◆ Data for review

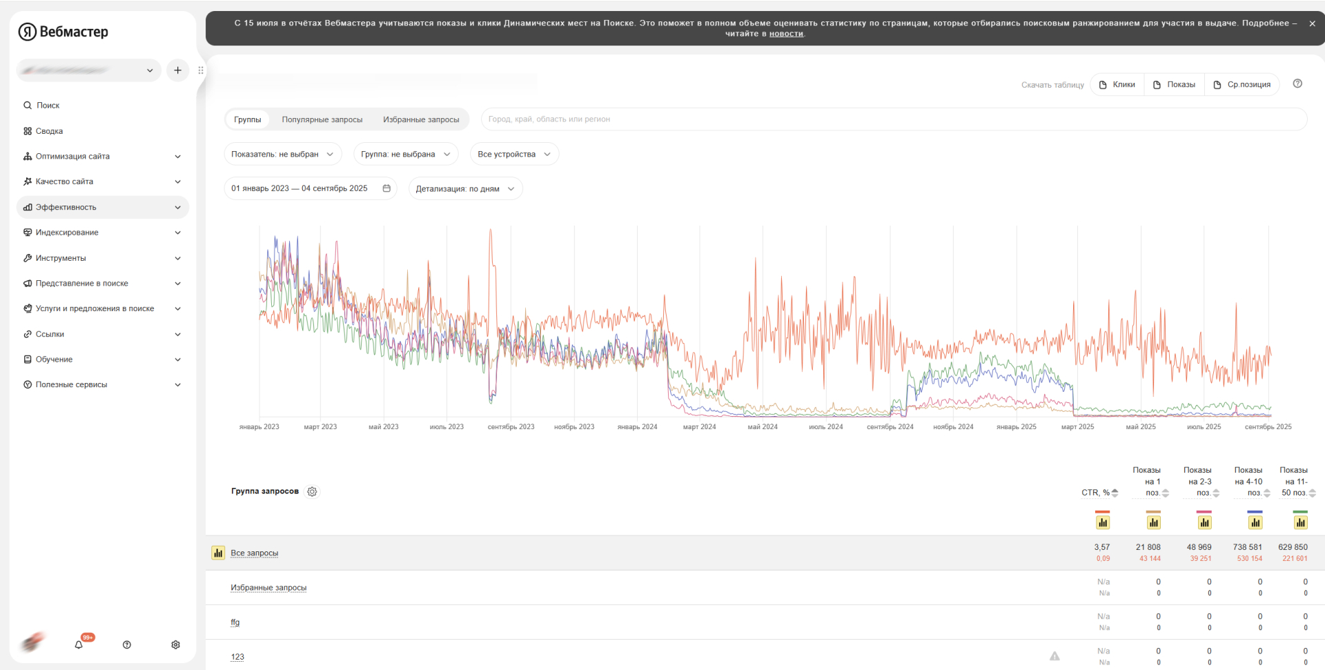 Пример отчета по статистике поисковых запросов в Яндекс Вебмастере. Здесь можно отследить динамику кликов, показов и CTR по отдельным группам запросов
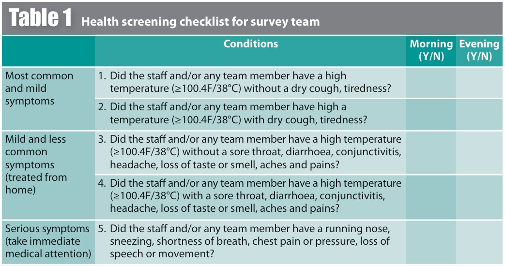 All survey team members tested negative for COVID-19 prior to the survey and no one developed other signs/symptoms of COVID-19 or became unwell during the survey implementation.
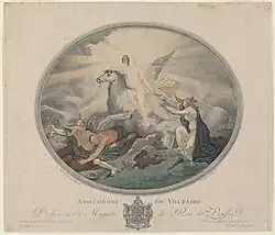 There is also a different painting now in the collection of the Musée Carnavalet by Robert-Guillaume Dardel which is known both as “Allegory to the glory of Voltaire” (French: Allégorie à la gloire de Voltaire) and as “The Apotheosis of Voltaire”.[9][6] A figure astride a winged horse lifts off a mask with Voltaire's face to reveal himself as Apollo. Personifications of perhaps Ignorance and Envy fall back from the horse's hoofs, while a female figure, possibly Paris or Truth, reaches out to him on the other side.
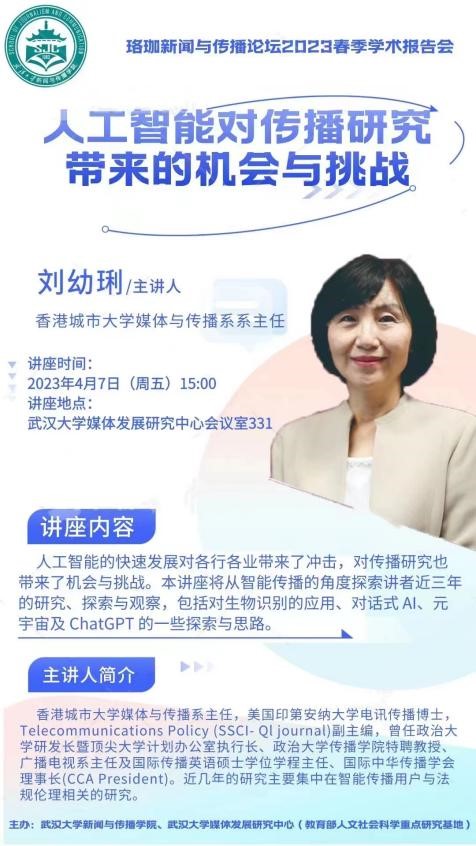 随后,刘幼琍教授在球盟会媒体发展研究中心331会议室,开讲题为《人工智能对传播研究带来的机会和挑战》的讲座。讲座由吴世文教授主持。
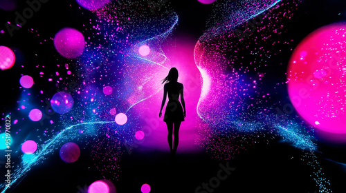 Woman is walking into a mysterious portal of light and energy, creating a captivating and futuristic atmosphere
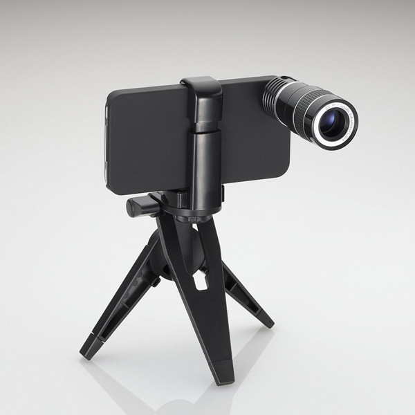 約8倍の光学ズーム撮影が行える望遠レンズキット。デジタルズームのように画像が荒くならず、美しいズーム写真が撮影できる。専用ケースはiPhoneを横向きに立てることができるスタンド機能も用意。レンズの汚れを防止するレンズキャップのほか、小型の三脚が付属している。
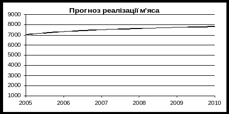 За прогнозними даними можна сказати що обсяги реалізації стабільно зростатимуть, і залежатимуть лише від репутації виробника і наявності сировини. Враховуючи тенденції до скорочення в Україні загального поголів’я м’ясних порід тварин потрібно вирішити сировинну проблему для підприємствами. Можливим рішенням може стати відкриття в майбутньому власного сільськогосподарського підприємства, яке працюватиме лише на потреби комбінату.
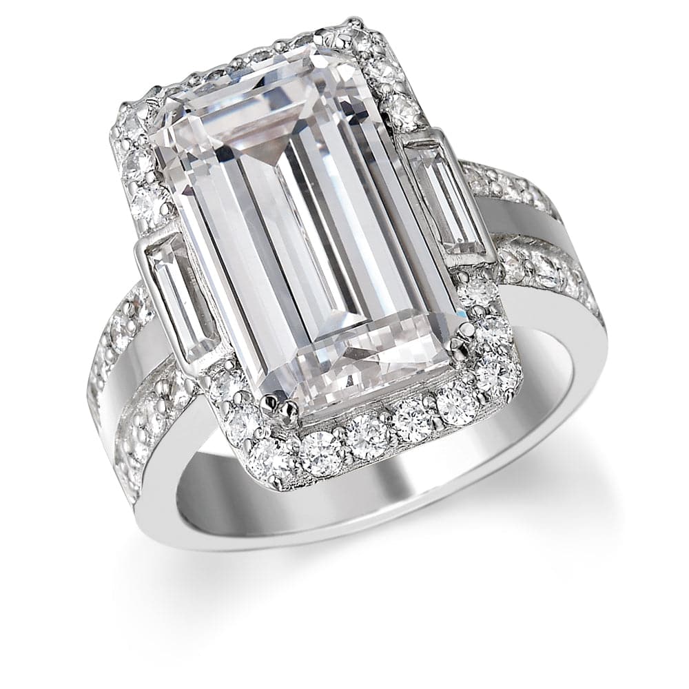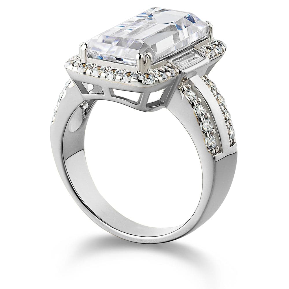 Tru-Diamonds™ Emerald Cut Synthetic Lab Grown Diamond Halo Ring
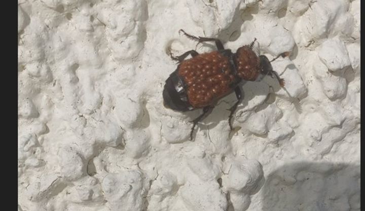 I think the red small insects are parasitic mites. Ive had other beetles come in with them and they didnt seem to badly affected by them.
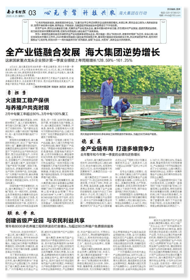作為一家具有高度社會責任感的農(nóng)業(yè)產(chǎn)業(yè)化國家重點龍頭企業(yè),海大集團一直以“科技興農(nóng),改變農(nóng)村現(xiàn)狀”為己任,全身心投入脫貧攻堅和鄉(xiāng)村振興工作中。2020年是全面建成小康社會目標實現(xiàn)之年,是全面打贏脫貧攻堅戰(zhàn)收官之年。在這關(guān)鍵歷史節(jié)點,南方農(nóng)村報推出“心無旁騖,科技興農(nóng)——海大集團在行動”系列報道,展現(xiàn)“大企業(yè)、大擔當”,講述企業(yè)興農(nóng)的故事。
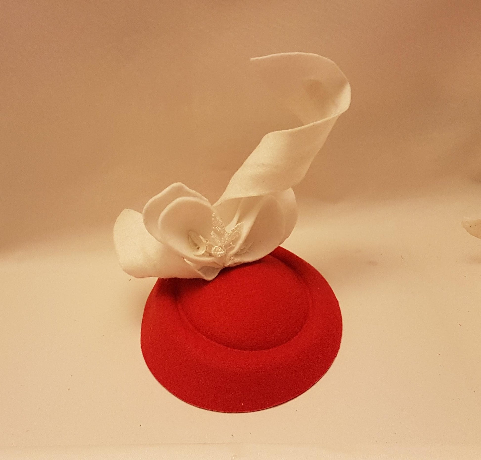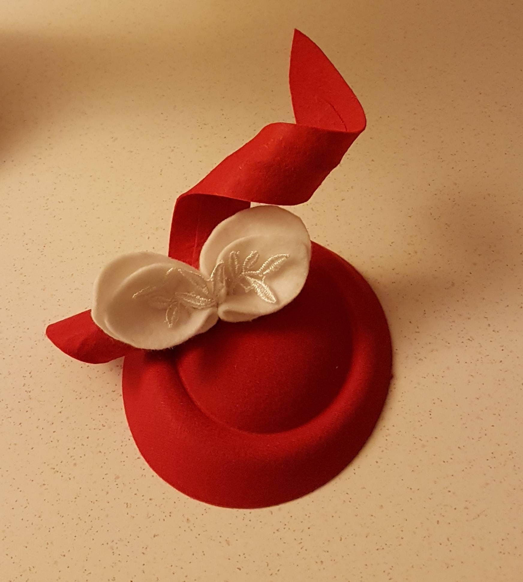 Cappello Fascinator Rosso e Bianco Copricapo Formale Fatto a Mano Decorazione Scolpita Perfetto per Matrimoni, Gare e Occasioni Speciali Accessorio per Capelli

◆ Problem details
Your answer should be the lines from the first record down to the line containing "All survey team", restated exactly, with no pictures.

◆ Written solution
 Пример отчета по статистике поисковых запросов в Яндекс Вебмастере. Здесь можно отследить динамику кликов, показов и CTR по отдельным группам запросов
 All survey team members tested negative for COVID-19 prior to the survey and no one developed other signs/symptoms of COVID-19 or became unwell during the survey implementation.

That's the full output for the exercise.